La sindrome di Mowgli La bimba «cresciuta tra le scimmie» in realtà è una disabile abbandonata «Ma gli animali adottano i cuccioli»
Le favole nascondono spesso verità terribili. Addolcite dal finale positivo, con una istruttiva morale narrativa. Allo stesso modo certi atroci fatti di cronaca sembrano più sopportabili se ricondotti a una matrice letteraria, favolistica o romanzesca, dotata di senso. È per questo, forse, che la bambina di 8 anni trovata in una riserva naturale nell’India del nord in compagnia di un gruppo di scimmie è diventata subito la «girl Mowgli», la versione femminile di Mowgli, il protagonista del Libro della giungla (1894) di Rudyard Kipling, scrittore britannico nato in India: una storia, quella del bambino adottato dagli animali della foresta, mai tramontata sul grande schermo, da Walt Disney a Truffaut, fino ai giorni nostri.

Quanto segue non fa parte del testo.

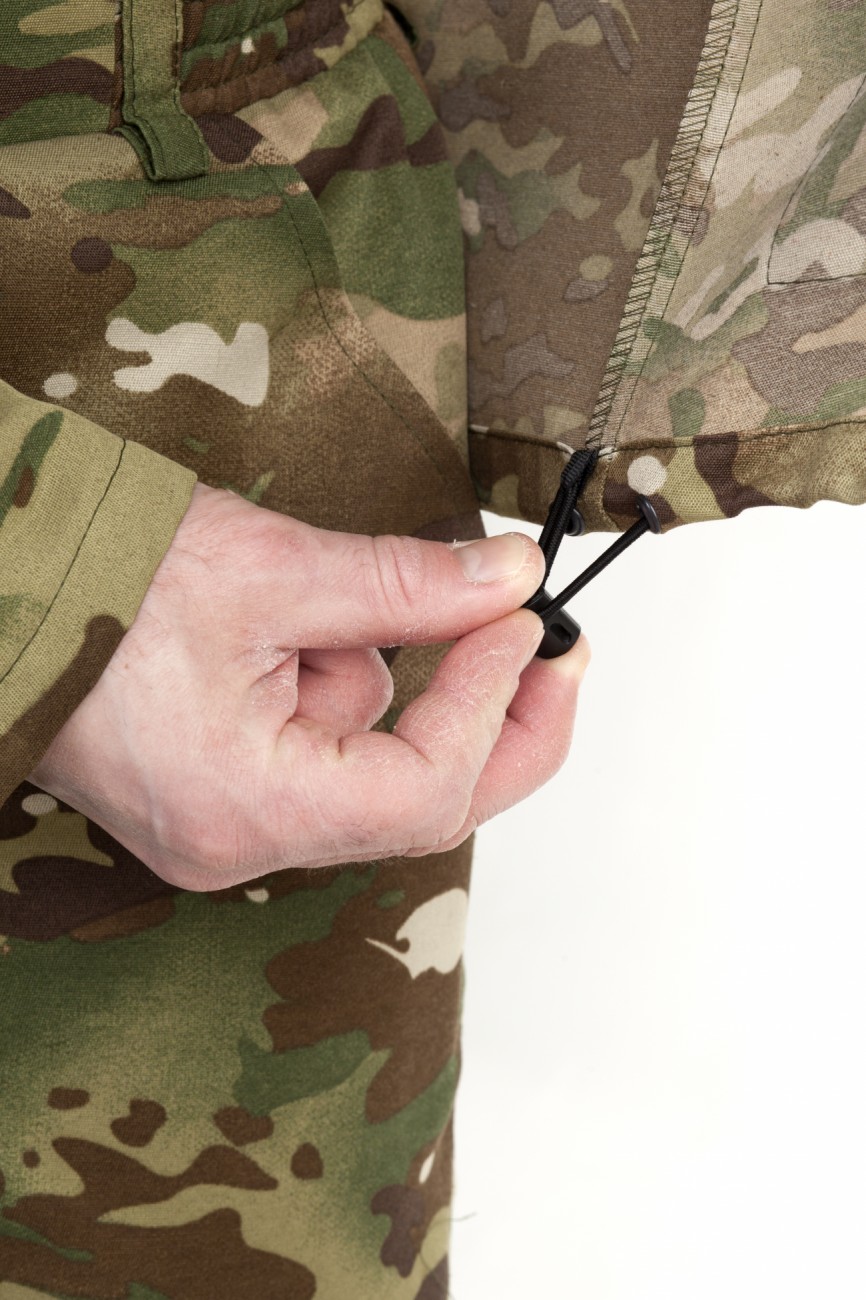 - Утяжка по линии низа изделия и по обзору капюшона

La piccola indiana, secondo le prime ricostruzioni, si comportava come le scimmie con cui è stata trovata: come loro mangiava, camminava a quattro zampe, emetteva vocalizzi gutturali. Le foto e i video che la ritraggono all’ospedale hanno fatto il giro del mondo, commuovendo tutti. Poi, però, sono emersi i primi dubbi, a seguito di dati fattuali che cozzano con la versione disneyana della storia. Sì, la bambina imitava le scimmie, e con loro ha trascorso del tempo, ma certi atteggiamenti deriverebbero più che altro da disturbi psicologici e fisici, che sono la plausibile causa, spietata, dell’abbandono da parte della famiglia.
No. Non è una storia falsa come quella che la belga Misha Defonseca spacciò per vera in Sopravvivere con i lupi, arrivando a mentire anche sui legami tra la sua famiglia e la Shoah; ma, forse, non è neanche vera come quella del niño lobo, Marcos Rodríguez Pantoja, che tra gli Anni 50 e 60 visse da bambino con un vero branco di lupi, dopo la morte del pastore cui era stato venduto dal padre, in difficoltà.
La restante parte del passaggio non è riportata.